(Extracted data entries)
= = = =

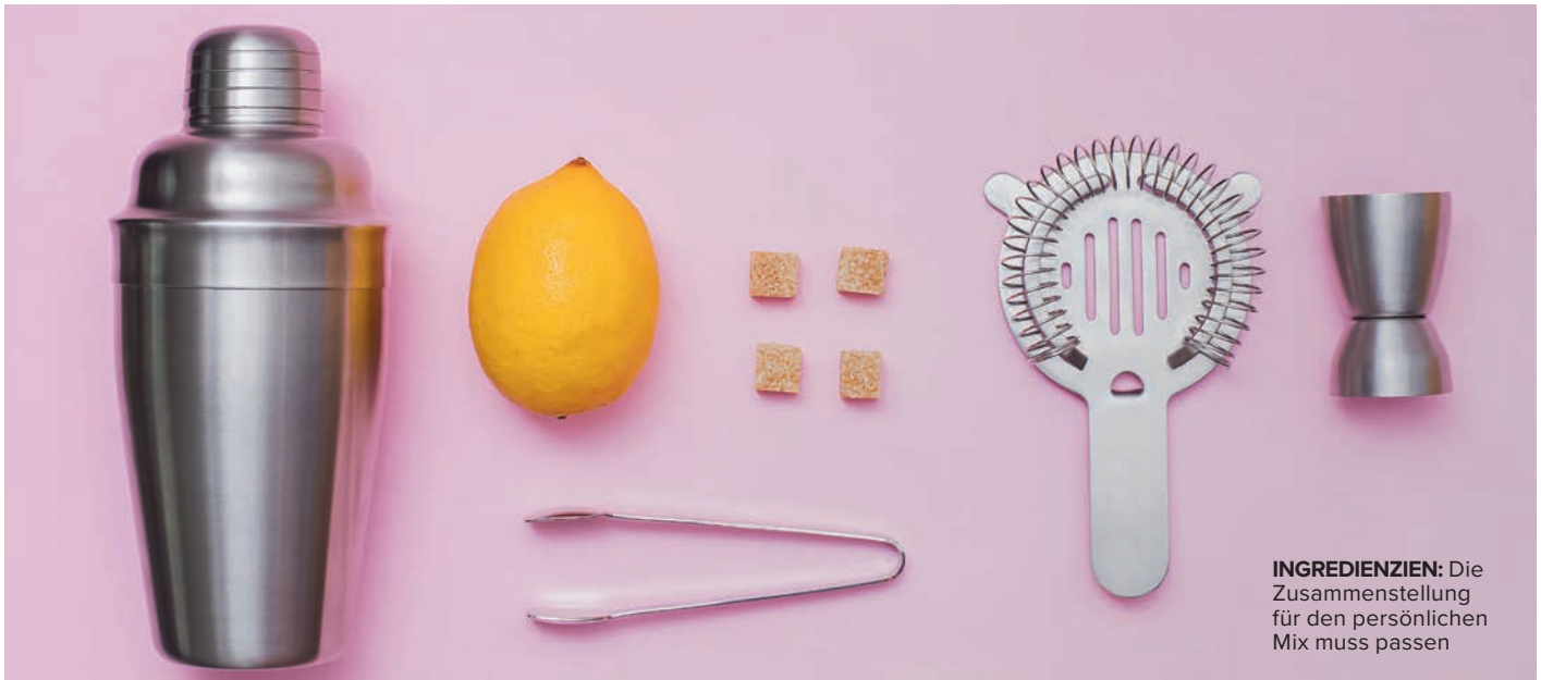
INGREDIENZIERN: Die Zusammenstellung für den persönlichen Mix muss passen
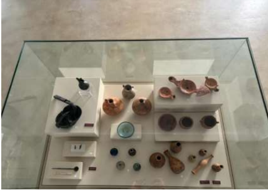
Görsel 28: Bursa Arkeoloji Müzesi Gölyazı a.R. Nekropolü Sergisi Detay
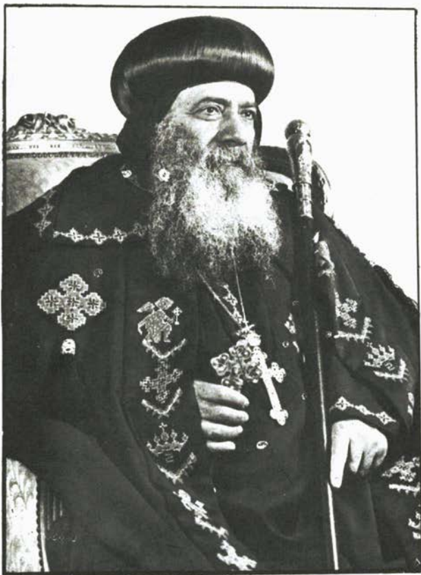
قداسة البابا شنوده الثالث بابا الإسكندرية وبطريك الكرازة المرقسية
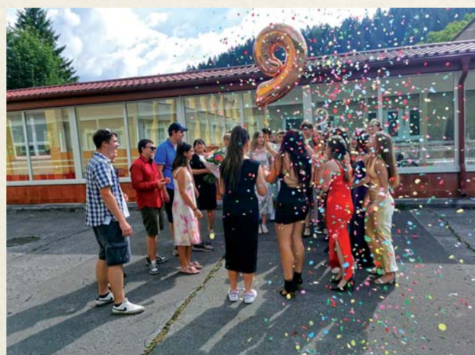
Deviataci sa lúčili so základnou školou.

V októbri sa naplno rozbehli rôzne exkurzie. Starší žiaci navštívili Drotárske múzeum J. H.-Bakeľa, deviataci boli v Považskej galérii a ôsmaci na výstave Tutanchamón v Bratislave. Mesiac úcty k starším sa prejavil vo výtvarných aktivitách a prvý stupeň sa opäť zapojil do projektu Záložka do knihy spája školy. Žiaci druhého stupňa spoznali na hodinách anglického jazyka Halloween a šiestaci so siedmami si užili exkurziu do Veľkého sveta techniky v Ostrave. V novembri sa niekoľko starších žiakov zapojilo do Behu 17. novembra v Žiline. Piatáci pripravili v rámci regionálnej výchovy hody a nechýbal ani tradičný Dušičkový pochod ku krížom v chotári. Deviatci po anglicky predstavili mladším žiakom Nežnú revolúciu. Žiaci šiestej triedy si v rámci pohybového krúžku vybili energiu v Hoplandii a piatáci navštívili zážitkové centrum MOTIO na Žilinskej univerzite. December priniesol do školy obľúbený Mikulášsky deň a najstarší žiaci školy si vyskúšali zdobenie vianočných gúľ na exkurzii v Okrase Čadca. Deti z 8. triedy sa zabavili v kine aj na hokejovom zápase a birmovanci sa zúčastnili zájazdu farníkov do Tatier a Popradu.
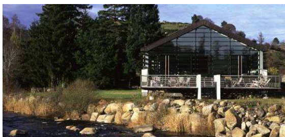
Le Centre Thermal de La Chaldette (48)
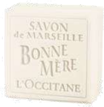
Apricot Exfoliator Soap
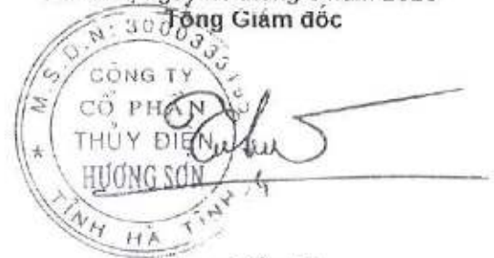
Phạm Tiến Dũng

Các thuyết minh từ trang 10 đến trang 30 là bộ phận hợp thành của báo cáo tài chính
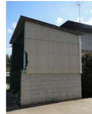
北テニスコート 砂置場 (総合グラウンド)
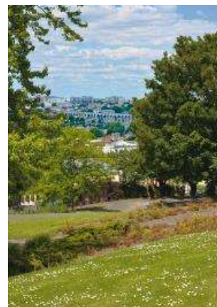
Photo du Jardin Panoramique
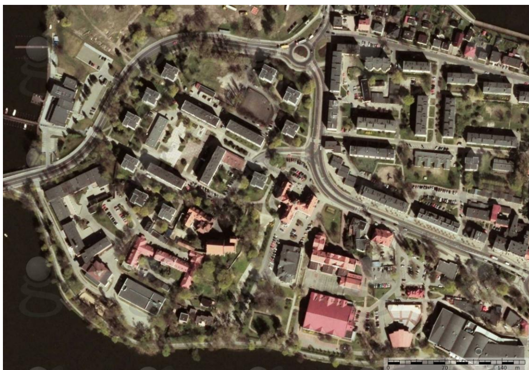
Stare Miasto w Iławie w czasach współczesnych

J. Kaufmann, Geschichte der Stadt Deutsch Eylau, Danzig 1905.
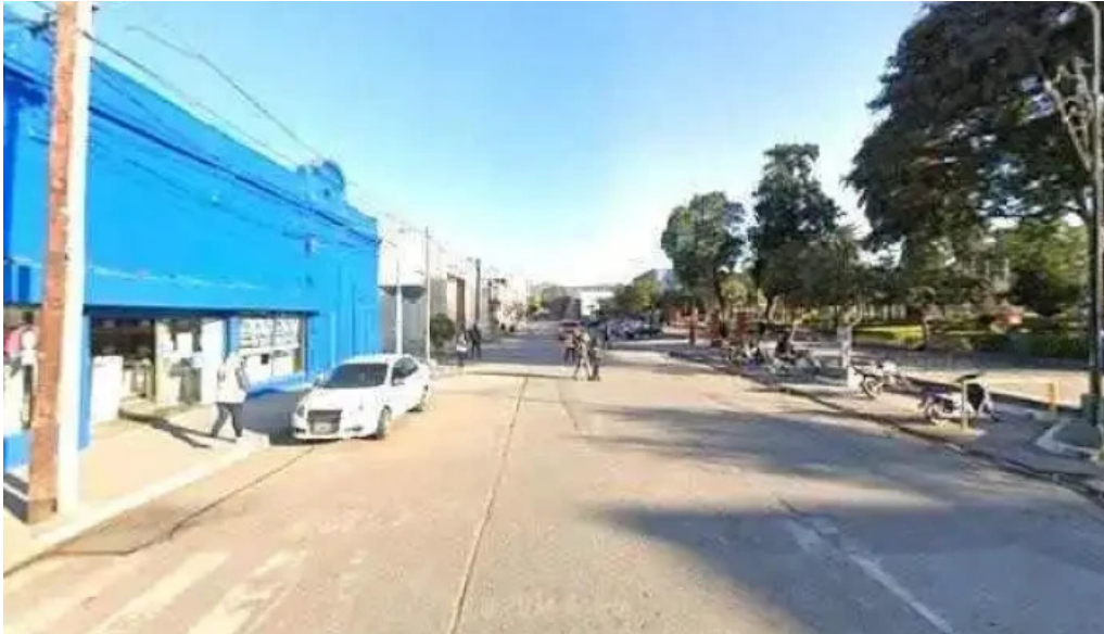
Corefin cerca de mi
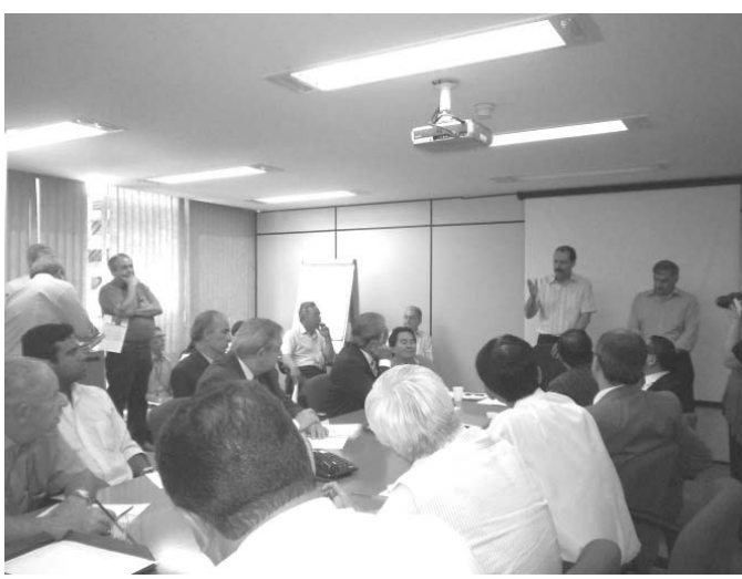
農産物以外の運送業者も集まり、会合はまたも紛糾

【既報関連】昨年12月から、聖市食料供給センター（CEAGESP、以下セアザ）に通じるマルジナル・ド・ピニエイロスとハンディランテス大通り、マルジナル・ド・チエテなどで「部の時間帯にトラックの通行が規制され、生鮮農産物の販売・購入などに携わる人々がセアザに出入りできず、営業妨害」と抗議している問題で、今月1日午前、行政側と抗議する人々との間で2回目の会合が開かれた。安部順二下議（PSD-SP）は「ジルベルト・カサビ聖市長に強く要請する」としているが、前回会合で発足した、組合員を代表し行政と交渉する委員会の代表で、モジ農協協会の森ミヨル氏は「市の方からは何も連絡がない。規制で皆遠回りしているし、大いに支障が出ている」とため息を漏らした。
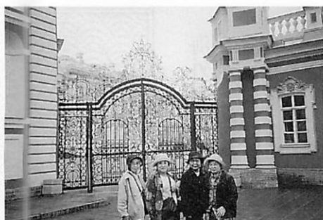
エカテリーナ宮殿の門前で

29日、郊外プーシキン市のエカテリーナ宮殿へ。金色に輝く壁、寄木細工の床、枠飾つきベチカ、琥珀の間の美しさにたんのうし、空路モスクワ経由、30日10時半頃無事帰国しました。
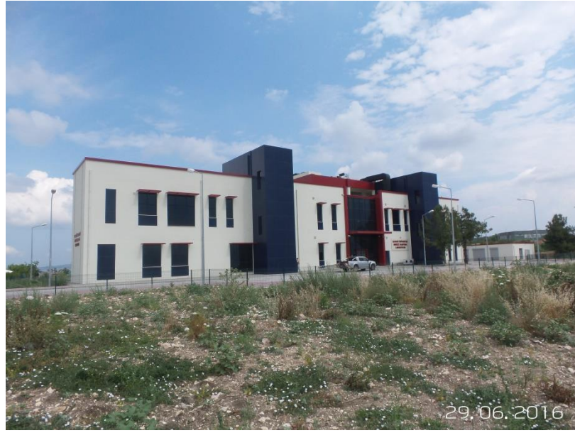
Merkezi Araştırma Laboratuvarı
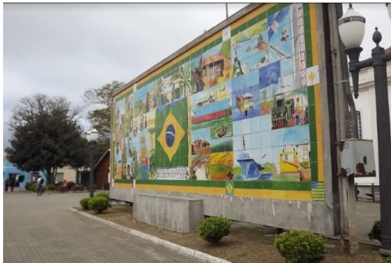
Figura 5: Painel “Brasil 500 Anos”, do artista Jorge Omar Pagano. Enaltece paisagens naturais e os símbolos nacionais.
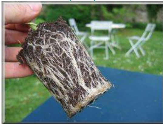
Un plant bien enraciné
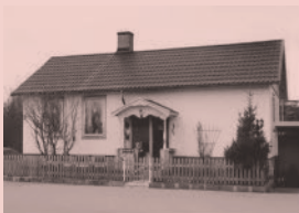
Nr 01. "Molinska villan", Hargsgatan 3 i Östhammar.
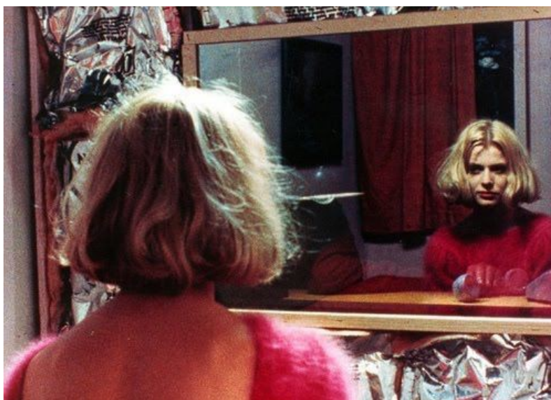
Jane et Travis, derrière la vitre, dans Paris, Texas (1984)

En effet, depuis le début, Marion pense comme si quelqu'un l'écoutait et comme si elle parlait à quelqu'un d'autre, comme si inconsciemment, elle se confiait à Daniel.

= = = =

■ **TO DO**
Output every entry word for word, but omit the pictures.

■ **RESPONSE AREA**
INGREDIENZIERN: Die Zusammenstellung für den persönlichen Mix muss passen
Görsel 28: Bursa Arkeoloji Müzesi Gölyazı a.R. Nekropolü Sergisi Detay
قداسة البابا شنوده الثالث بابا الإسكندرية وبطريك الكرازة المرقسية
Deviataci sa lúčili so základnou školou.

V októbri sa naplno rozbehli rôzne exkurzie. Starší žiaci navštívili Drotárske múzeum J. H.-Bakeľa, deviataci boli v Považskej galérii a ôsmaci na výstave Tutanchamón v Bratislave. Mesiac úcty k starším sa prejavil vo výtvarných aktivitách a prvý stupeň sa opäť zapojil do projektu Záložka do knihy spája školy. Žiaci druhého stupňa spoznali na hodinách anglického jazyka Halloween a šiestaci so siedmami si užili exkurziu do Veľkého sveta techniky v Ostrave. V novembri sa niekoľko starších žiakov zapojilo do Behu 17. novembra v Žiline. Piatáci pripravili v rámci regionálnej výchovy hody a nechýbal ani tradičný Dušičkový pochod ku krížom v chotári. Deviatci po anglicky predstavili mladším žiakom Nežnú revolúciu. Žiaci šiestej triedy si v rámci pohybového krúžku vybili energiu v Hoplandii a piatáci navštívili zážitkové centrum MOTIO na Žilinskej univerzite. December priniesol do školy obľúbený Mikulášsky deň a najstarší žiaci školy si vyskúšali zdobenie vianočných gúľ na exkurzii v Okrase Čadca. Deti z 8. triedy sa zabavili v kine aj na hokejovom zápase a birmovanci sa zúčastnili zájazdu farníkov do Tatier a Popradu.
Le Centre Thermal de La Chaldette (48)
Apricot Exfoliator Soap
Phạm Tiến Dũng

Các thuyết minh từ trang 10 đến trang 30 là bộ phận hợp thành của báo cáo tài chính
北テニスコート 砂置場 (総合グラウンド)
Photo du Jardin Panoramique
Stare Miasto w Iławie w czasach współczesnych

J. Kaufmann, Geschichte der Stadt Deutsch Eylau, Danzig 1905.
Corefin cerca de mi
農産物以外の運送業者も集まり、会合はまたも紛糾

【既報関連】昨年12月から、聖市食料供給センター（CEAGESP、以下セアザ）に通じるマルジナル・ド・ピニエイロスとハンディランテス大通り、マルジナル・ド・チエテなどで「部の時間帯にトラックの通行が規制され、生鮮農産物の販売・購入などに携わる人々がセアザに出入りできず、営業妨害」と抗議している問題で、今月1日午前、行政側と抗議する人々との間で2回目の会合が開かれた。安部順二下議（PSD-SP）は「ジルベルト・カサビ聖市長に強く要請する」としているが、前回会合で発足した、組合員を代表し行政と交渉する委員会の代表で、モジ農協協会の森ミヨル氏は「市の方からは何も連絡がない。規制で皆遠回りしているし、大いに支障が出ている」とため息を漏らした。
エカテリーナ宮殿の門前で

29日、郊外プーシキン市のエカテリーナ宮殿へ。金色に輝く壁、寄木細工の床、枠飾つきベチカ、琥珀の間の美しさにたんのうし、空路モスクワ経由、30日10時半頃無事帰国しました。
Merkezi Araştırma Laboratuvarı
Figura 5: Painel “Brasil 500 Anos”, do artista Jorge Omar Pagano. Enaltece paisagens naturais e os símbolos nacionais.
Un plant bien enraciné
Nr 01. "Molinska villan", Hargsgatan 3 i Östhammar.
Jane et Travis, derrière la vitre, dans Paris, Texas (1984)

En effet, depuis le début, Marion pense comme si quelqu'un l'écoutait et comme si elle parlait à quelqu'un d'autre, comme si inconsciemment, elle se confiait à Daniel.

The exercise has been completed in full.